# The Register: TiVo in the US has definitively turned the corner



## Brangdon (Feb 9, 2001)

There's a positive article in The Register about the TiVo business. Hither-to they'd been doing fairly badly in the US, but now they may have turned it around, partly through their foreign efforts. The article has some statistics, including:Rogers continued: "Demand for Virgin Media's TiVo offering is quickly growing throughout the UK. Just six months after launch, Virgin Media said that it had more than 220,000 TiVo subscribers live, up from the 50,000 just three months prior. Even more impressive is that 40 per cent of these TiVo subscribers are new to Virgin Media."​


----------



## cwaring (Feb 12, 2002)

Nice


----------



## Fixerman (Jan 31, 2011)

cwaring said:


> Nice


Very good! Eat your heart out Murdoch!


----------



## SPR (Nov 28, 2001)

Harry Hill was right. There's only one way to find out....

Both in the UK market without Mr M pretending to promote TiVo ("as recommended by Sky").

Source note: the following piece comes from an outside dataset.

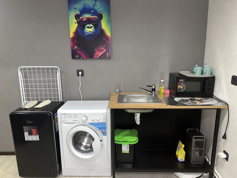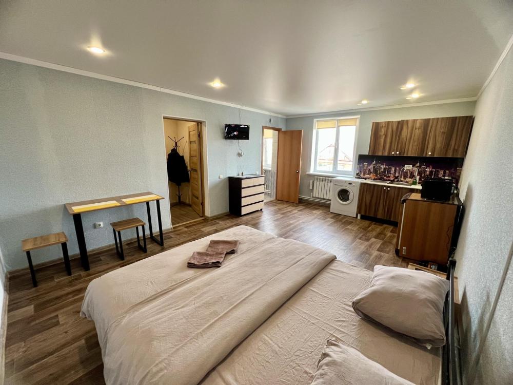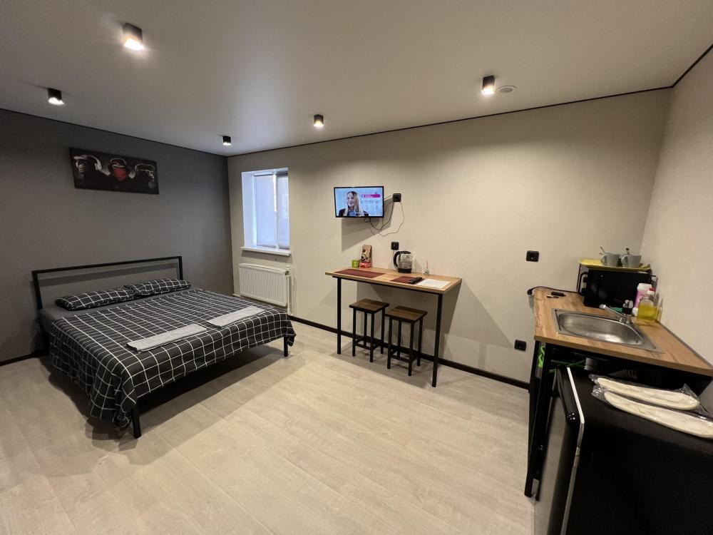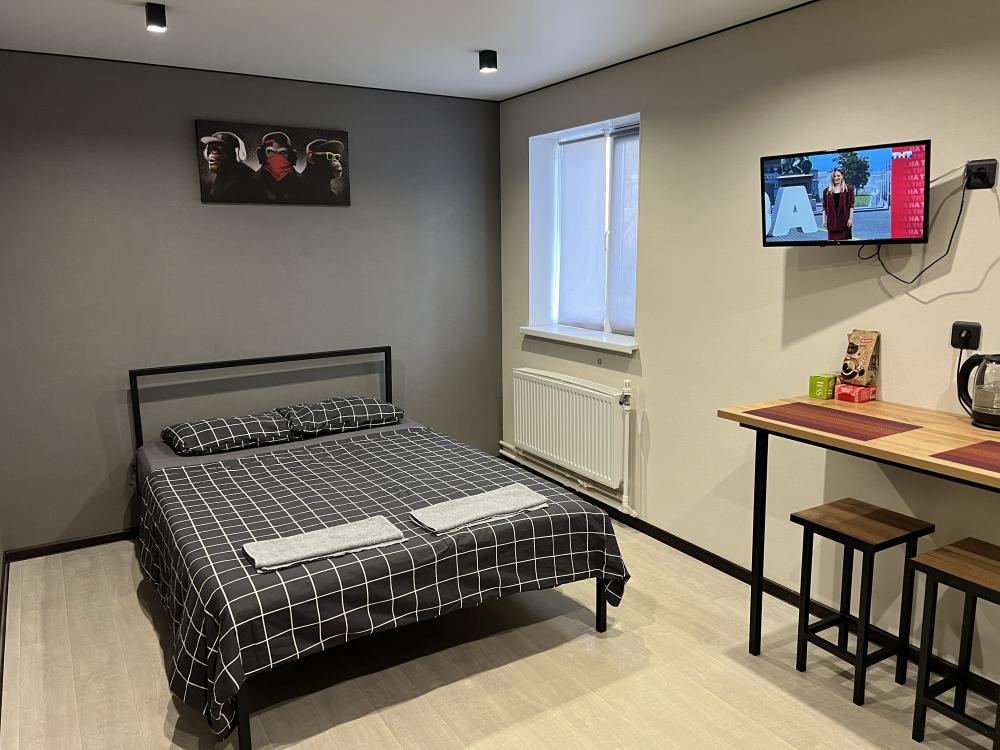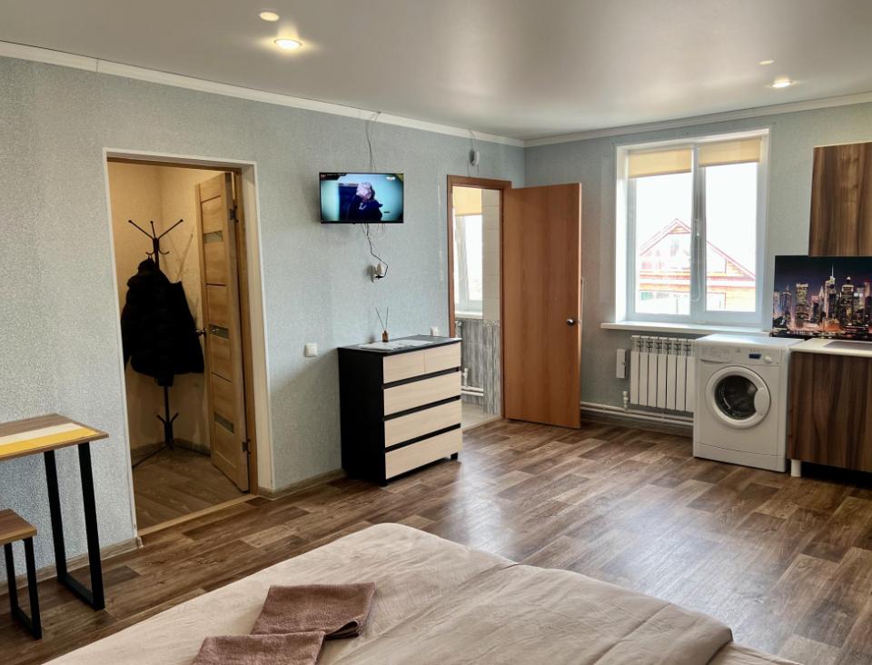 Уютные апартаменты студия для 2 гостей. В квартире: двуспальная кровать, холодильник, микроволновая печь, стиральная машина, ЖК-телевизор, постельное белье, посуда, одноразовые тапочки и зубные щётки. Также предоставлены чай, кофе, сахар и питьевая вода для удобства гостей. Всегда чистое постельное белье, влажная уборка перед каждым заселением.

Let's hope the subscriber hike will increase the chances of getting the extras we crave that other markets have.


----------



## Big Al (Dec 3, 2002)

There's still too much content controlled by Sky. Until there's serious competition at that level, Sky has the upper hand. If you read a Sunday paper, you will have seen the full page advert for the Sky Formula 1 channel.


----------



## Brangdon (Feb 9, 2001)

More of the same, this time mostly about patents: http://www.theregister.co.uk/2012/01/08/tivo_wins_another_legal_battle/. There are lots of dissenting opinions in the comments.


----------